That's frustrating for sure. I'm no longer doing Radicava, but I did 6 cycles of it back when it first became available. I had my first cycle in the hospital infusion center before switching to home infusions. I was one of only TWO patients doing Radicava at this major teaching hospital. The ALS clinic was at the same hospital and THEY coordinated everything for ordering the drug etc, not the infusion center. A few days into my infusion cycle the other Radicava patient they had switched to home infusion and then I was the only one.

It may be that you're the only patient at your local hospital who is trying to do Radicava there and they aren't willing to figure out ordering the drug and educating infusion nurses on the protocol with such low demand for it. I'm not saying they're justified, just guessing it's something like that.
 
Why did you stop the Radicava, Kristina?
 
Sam, I did 6 cycles and during that time my progression sped up. I did not feel it was helping me and worried it was making me worse. It also gave me migraines.
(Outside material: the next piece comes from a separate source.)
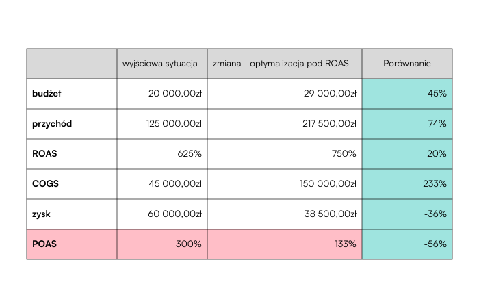 Klient z branży e-commerce inwestował w kampanie Facebook Ads, opierając się na metryce ROAS (Return On Ad Spend). Z kwartału na kwartał ten wskaźnik rósł, natomiast marże malały. Wydawało się, że wszystko jest w porządku, ale rentowność biznesu spadała.
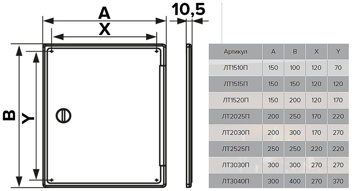 Люк-дверца ревизионный пластиковый с ручкой-задвижкой серии ЛТП.

I think it may truly benefit a particular subset of PALS but I am not one of them.
 
Have you scheduled surgery for your port implant? I'm also a pioneer of sorts here in this little shire. Everything was coordinated through my local neurologist. I would start there. I haven't had any issues, and have been on it for about two years. Your nuro, should make phone calls and get everything straightened out. Keep positive.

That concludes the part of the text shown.